The mayor’s reforms have been a reaction only to the latest Rikers outrages – the treatment of teens and the mentally ill on the island, as exposed by the Times and the U.S. attorney. But Rikers’ history reflects far deeper problems. Suicide numbers spiked in the ’80s and again in the late 1990s. There were riots during the Dinkins years, and though violence fell during the Giuliani administration, concerns about overly aggressive control tactics mounted. In the Bloomberg era, accusations flew about “fight clubs” arranged by correction officers. Medical care on the island has long been the subject of scrutiny. We all know Browder’s name, but what about Christopher Robinson, the teen beaten to death on the island in 2008 for refusing to join a fight club? Or Robert Konopka, the father of two who was awaiting trial in 2001 for verbally harassing a neighbor when correction officers locked him in a cell with Derrick Smart, who’d beaten his grandmother to death with a rubber mallet? Konopka’s autopsy photos showed Smart’s bootprints on his face.

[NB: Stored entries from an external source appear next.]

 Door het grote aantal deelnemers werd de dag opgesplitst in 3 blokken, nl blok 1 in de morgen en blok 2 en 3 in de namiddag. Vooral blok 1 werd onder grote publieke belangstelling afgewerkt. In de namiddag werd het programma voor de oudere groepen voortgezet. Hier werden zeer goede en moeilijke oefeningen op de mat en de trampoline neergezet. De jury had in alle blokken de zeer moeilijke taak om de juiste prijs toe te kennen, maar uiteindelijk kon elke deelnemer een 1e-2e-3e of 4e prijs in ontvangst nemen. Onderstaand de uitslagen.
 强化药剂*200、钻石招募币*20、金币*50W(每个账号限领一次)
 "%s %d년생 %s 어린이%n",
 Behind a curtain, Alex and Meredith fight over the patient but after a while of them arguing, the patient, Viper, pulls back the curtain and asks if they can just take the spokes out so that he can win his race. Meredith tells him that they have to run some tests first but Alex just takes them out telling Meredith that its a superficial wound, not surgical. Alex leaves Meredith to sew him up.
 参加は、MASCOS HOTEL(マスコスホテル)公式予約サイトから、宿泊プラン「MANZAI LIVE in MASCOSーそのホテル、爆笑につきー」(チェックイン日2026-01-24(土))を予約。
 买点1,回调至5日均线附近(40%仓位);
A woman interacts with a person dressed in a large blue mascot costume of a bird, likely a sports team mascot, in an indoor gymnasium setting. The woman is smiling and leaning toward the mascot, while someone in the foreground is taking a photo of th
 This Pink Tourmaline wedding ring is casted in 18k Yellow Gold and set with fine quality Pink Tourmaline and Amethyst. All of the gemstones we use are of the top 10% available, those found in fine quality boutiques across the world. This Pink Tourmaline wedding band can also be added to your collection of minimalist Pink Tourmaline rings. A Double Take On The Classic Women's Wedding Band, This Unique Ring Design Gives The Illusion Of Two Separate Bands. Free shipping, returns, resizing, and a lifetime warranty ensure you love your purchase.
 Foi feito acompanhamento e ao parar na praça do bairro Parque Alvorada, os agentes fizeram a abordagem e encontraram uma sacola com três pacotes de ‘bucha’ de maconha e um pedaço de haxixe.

Clearly the wave of Rikers reforms implemented or attempted in recent months are necessary – the “right thing to do,” as City Councilman Daniel Dromm put it. But the big picture remains unchanged, critics say. Rikers is a place – a permanently diseased space – that reinforces an outdated idea of punishment in which relatively minor offenders are housed on the same island as some of the city’s most violent criminals, in crumbling, often unsanitary buildings on land connected to the rest of the city by only a thin span of a bridge.

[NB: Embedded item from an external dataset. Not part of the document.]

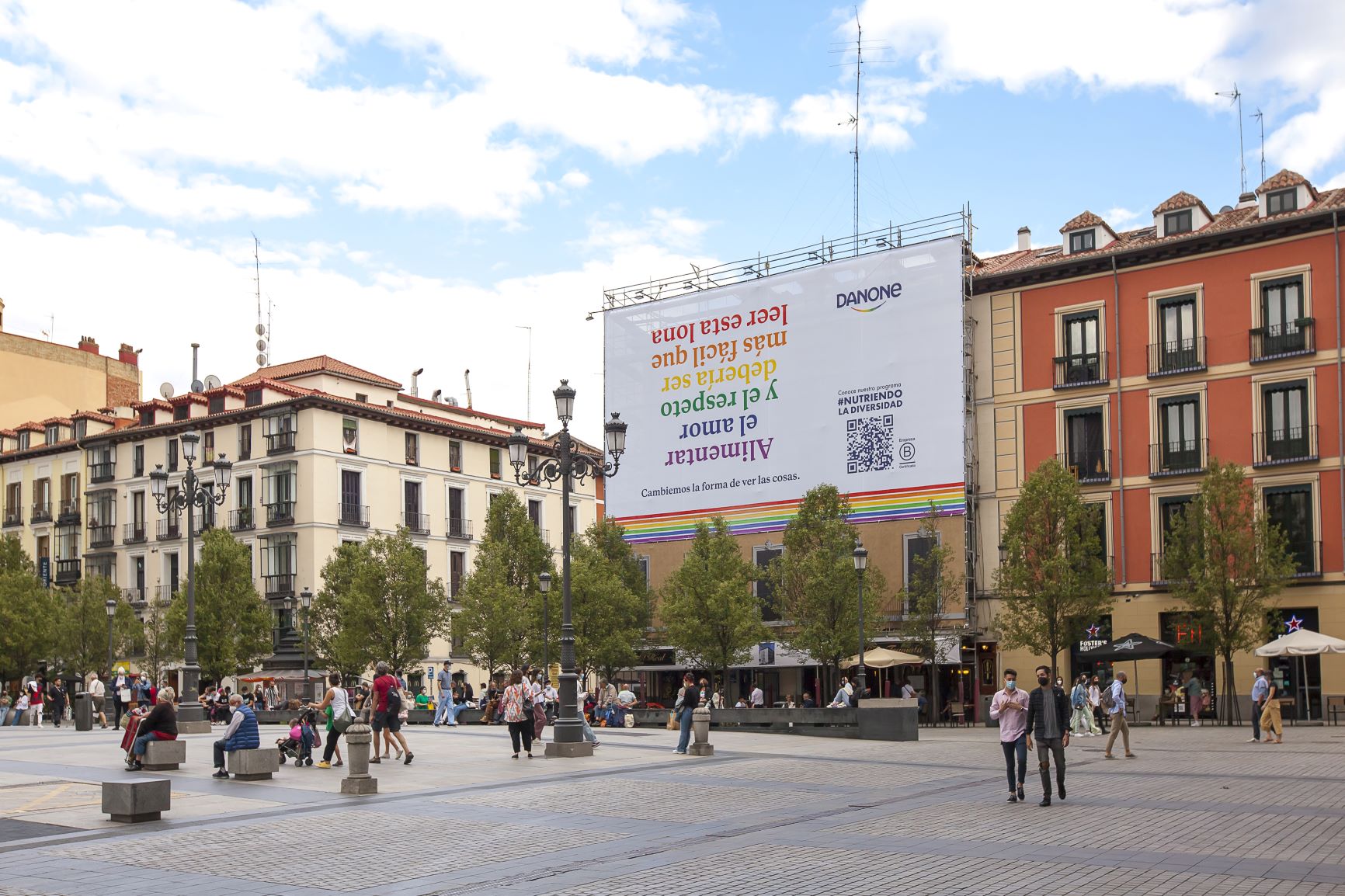 #NutriendoLaDiversidad incluye seis compromisos con los que la compañía pretende avanzar todavía más en sus políticas de diversidad inclusiva, de la mano de sus empleados, colaboradores y socios. La empresa ha instalado una lona en la plaza de Ópera de Madrid con dos objetivos: destacar que las diferencias entre las personas son lo que nos enriquece y promover una sociedad más igualitaria, respetuosa y justa que no deja a nadie atrás.

While the de Blasio administration has taken steps toward reform that may alleviate some of Rikers’ problems, all those steps bank on the idea that Rikers is salvageable. Bandy Lee, a Yale School of Medicine psychologist who worked at Rikers and helped write a Board of Correction report in 2013, says that’s not the case. She says Rikers’ culture is violent to a level she has witnessed “nowhere else” in her work, and that its “organizational chaos” generates violence and brutality.
This affects not only inmates, but the officers who watch them as well, she says.

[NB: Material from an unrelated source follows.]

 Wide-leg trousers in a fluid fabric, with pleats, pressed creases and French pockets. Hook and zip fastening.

“The correction officers have a large role in setting the culture because they’re from the same background as the prisoners, same income level, same neighborhoods, and the same education level,” she says. “This creates a recipe for this very violent, brutal culture and contest between correction officers and inmates, inmates versus other inmates, like gladiatorial contests.”
COBA’s Seabrook continues to insist that while the union is in favor of reform, violence against correction officers is increasing, and the current process is deeply flawed because lack of training provided for correction officers and failure to include officers in discussions of use-of-force guidelines. In a November letter to U.S. District Court Judge Laura Taylor Swain, who oversaw the settlement in a brutality lawsuit filed by Rikers inmates through the Legal Aid Society, Seabrook asked for training on use-of-force techniques, as well as the parameters of the concept of “reasonableness” in the use of force against inmates while assessing a threat.
JustLeadershipUSA’s Martin, who says correction officers advised him not to file a complaint about his stab wounds because it would result in a bureaucratic delay, has some compassion for the officers, since his own brother became one.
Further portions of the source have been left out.